Animal refuge accuses Sacramento SPCA of straying from vegan food policy CEO says never existed
Grass Valley nonprofit’s online petition demanding vegan menu at SPCA events has collected 8,300 signatures
Two Sacramento area nonprofit organizations are butting heads over a policy that apparently never existed.
Kim Sturla claims that Sacramento SPCA CEO Kenn Altine reversed a menu policy that ensured meals at events would be entirely vegan shortly after he took over the open-admission animal shelter in 2016.
Sturla is co-founder and executive director of Animal Place, a Grass Valley refuge for mistreated farm animals. She and her team started an online petition in hopes of pressuring the SPCA to return to a vegan menu, a move that stunned Altine. The petition was launched February 10 and now has approximately 8,300 signatures.
Altine and his staff reviewed board meeting records with the intention of finding and clarifying the policy that called for a vegan menu, but what they instead found was that the policy never existed. “We did not have an official policy,” Altine said. “My predecessor had a [no-meat] policy at SPCA official events, unless they were sponsored. Well, all of our events are sponsored, so it was just a paper policy that was not board approved.”
Altine clarified that what Animal Place believed to be a formal, board-approved policy was merely former SPCA CEO Rick Johnson’s way of diverting attention from the issue. “Official events” would be those open to the public, excluding volunteer appreciation and staff-only events. However, in reality, all official events are sponsored, and therefore, nothing actually would have been affected by this rule.
Johnson was unavailable for comment.
Sturla was unable to say when this supposed policy was enacted, only that she learned it was not being honored in September after pepperoni pizza was brought in for the staff and chicken was an option at a volunteer appreciation event, neither of which were official SPCA events.
Altine confirmed that both food selections were made available, along with the same vegetarian options that his predecessor had served.
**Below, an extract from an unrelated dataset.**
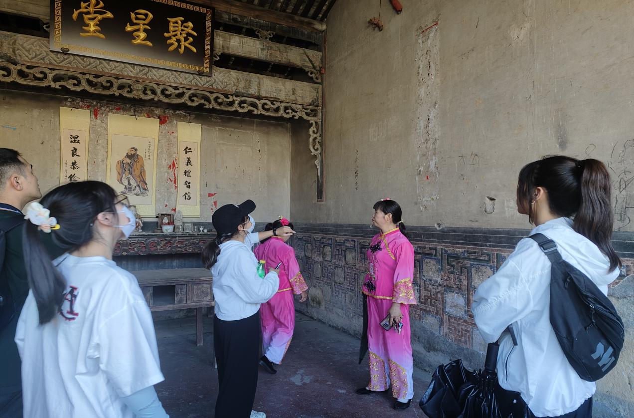 实践队到达黄地村后,当地非遗文化传承者向志愿者们介绍了有关采茶灯的历史,她们还向志愿者们传授了采茶灯表演技巧,让志愿者们更加深入感受到采茶灯的独特魅力。临近饭点,迎来了志愿者们最期待的环节——亲手制作传统美食。按照厨娘阿姨所教的制作步骤,大家分工合作,有的志愿者在制作过程中展现出手艺精巧的一面,获得了大家高度评价。最后在大家的努力下,成功完成了饺子、艾果、酸萝卜等美食。品尝过农家午餐后,志愿者们参观了孝廉文化馆种德居,屋内刻有壁画,主要反映了儒孝仁德的思想,也体现了古村落质朴的魅力,让志愿者们深深感受到种德居浓厚的文化底蕴。结束参观活动后,志愿者们来到农田,进行农耕活动,通过辛勤劳作,体会到劳动人民的不易,进一步理解了劳动的价值。在返校的时候,志愿者们带着自己亲手制作的美食,互相分享着这一天的收获。

The reaction from SPCA staff and volunteers was overwhelmingly positive, according to Altine.
Yet even after Altine explained to Sturla that there had never been an official policy, she continues to maintain that a formal vegan meal policy was put in place. The Animal Place website still pushes a petition that criticizes Altine. “My biggest concern is that when one nonprofit attacks another, everybody loses,” Altine said.
Sturla insisted that this was not her goal.
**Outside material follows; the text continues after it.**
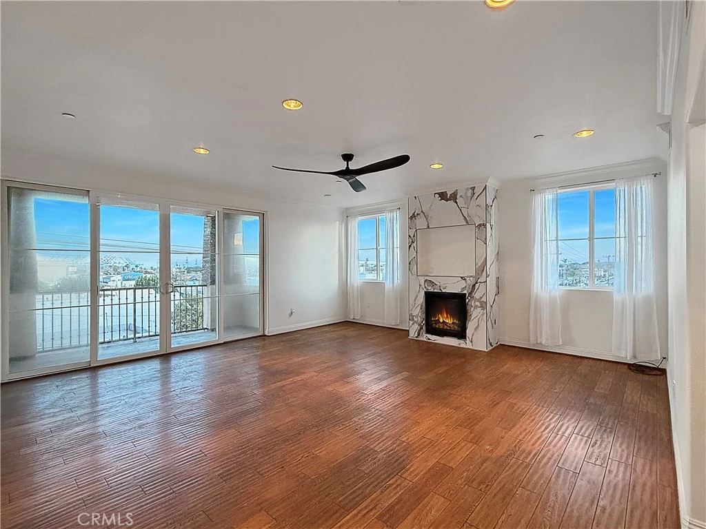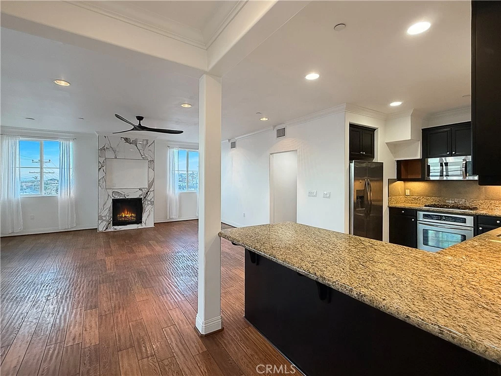 HERE'S THE TROPHY OF THE NEIGHBORHOOD: BEST BUY FOR A 2 BEDROOM 2 BATH CONDO IN SAN PEDRO, 2 SIDE BY SIDE GARAGE SPACES AND NO LAND LEASE! This Condo is Perched on the Top Floor and it features show-stopping coastal ocean views, elevated finishes, and a lifestyle that feels straight out of a luxury magazine. Spanning approximately 1,090 sq ft, this freshly painted 2-bedroom, 2-bath condominium is drenched in natural light and finished with rich wood and Italian tile floors, recessed lighting, and a striking Italian ceramic tile fireplace. Step through the sliding glass doors onto your private balcony and take in calming views. The kitchen commands attention with granite counters and backsplash, stainless steel appliances, gas stove, and custom wood cabinetry, while both bathrooms feature tile flooring, granite finishes, and glass-enclosed tiled tubs. The primary suite impresses with a walk-in closet and built-ins. Complete with in-unit laundry, two side-by-side underground parking spaces, and a rooftop deck boasting panoramic views, workout space, and entertainment seating, this is not just a home - it’s the coastal upgrade you’ve been waiting for.

“I encourage Sacramento residents to support the SPCA,” she said. “At the same time I would encourage them to respectfully ask the SPCA to please adopt a vegan menu policy or to at least go back to what they had.”
Sturla insists that eating meat at SPCA events sends mixed messages and asks the SPCA to move toward an “ethically constant mission.” Animal Place also conducts outreach and education on animal farming and veganism, according to its mission statement.
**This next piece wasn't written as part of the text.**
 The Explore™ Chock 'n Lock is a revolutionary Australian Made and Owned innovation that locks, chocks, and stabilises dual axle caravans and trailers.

While the general consensus of the public is that this is less of an issue that it is being made out to be, there are some, like Valerie Duran, who agree with Sturla. “It’s hard to please everyone,” said Duran, a longtime volunteer at Sacramento County Animal Care. “I say animals should be the priority at any animal care facility, even over volunteers.”
Interactions between members of the SPCA and Animal Place have been cordial, but Altine expressed confusion why this continues to be an issue when the two are already moving forward and collaborating on other projects.
“Animal Place does a lot of phenomenal work,” Altine said. “Their mission is important, but it’s not our mission. And we don’t all have to have the same mission.”